== Material supplied

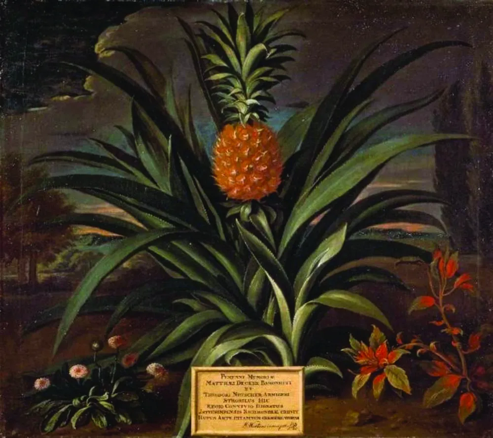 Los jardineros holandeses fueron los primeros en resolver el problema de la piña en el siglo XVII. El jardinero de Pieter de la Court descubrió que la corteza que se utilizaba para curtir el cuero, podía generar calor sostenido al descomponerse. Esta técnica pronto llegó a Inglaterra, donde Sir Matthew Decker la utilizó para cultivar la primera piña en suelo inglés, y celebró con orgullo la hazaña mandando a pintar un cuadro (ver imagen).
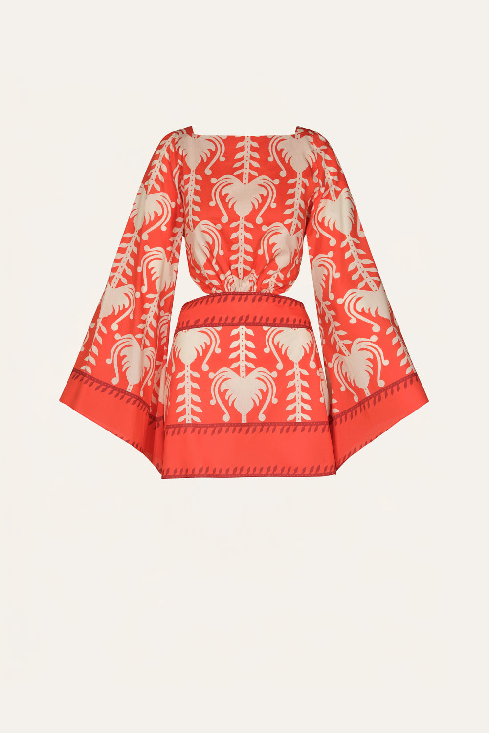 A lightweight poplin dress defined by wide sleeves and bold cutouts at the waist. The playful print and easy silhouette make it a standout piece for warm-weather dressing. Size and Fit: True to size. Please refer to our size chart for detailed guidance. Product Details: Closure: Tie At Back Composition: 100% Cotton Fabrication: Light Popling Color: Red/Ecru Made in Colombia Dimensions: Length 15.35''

====
== Material supplied

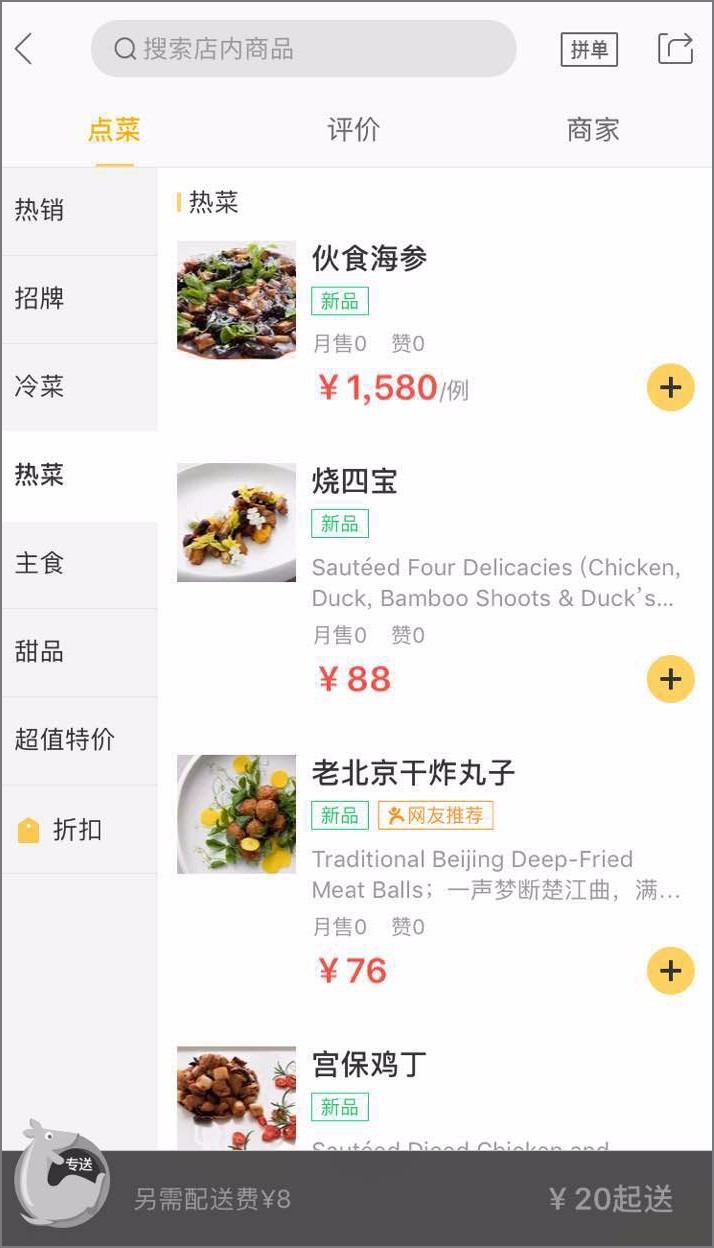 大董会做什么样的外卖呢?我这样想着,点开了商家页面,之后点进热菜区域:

====

What you have to do :: What's needed is an exact copy of the records above from the line containing "Los jardineros holandeses" down to the line containing "A lightweight poplin", both included, without any pictures.

Result ::
 Los jardineros holandeses fueron los primeros en resolver el problema de la piña en el siglo XVII. El jardinero de Pieter de la Court descubrió que la corteza que se utilizaba para curtir el cuero, podía generar calor sostenido al descomponerse. Esta técnica pronto llegó a Inglaterra, donde Sir Matthew Decker la utilizó para cultivar la primera piña en suelo inglés, y celebró con orgullo la hazaña mandando a pintar un cuadro (ver imagen).
 A lightweight poplin dress defined by wide sleeves and bold cutouts at the waist. The playful print and easy silhouette make it a standout piece for warm-weather dressing. Size and Fit: True to size. Please refer to our size chart for detailed guidance. Product Details: Closure: Tie At Back Composition: 100% Cotton Fabrication: Light Popling Color: Red/Ecru Made in Colombia Dimensions: Length 15.35''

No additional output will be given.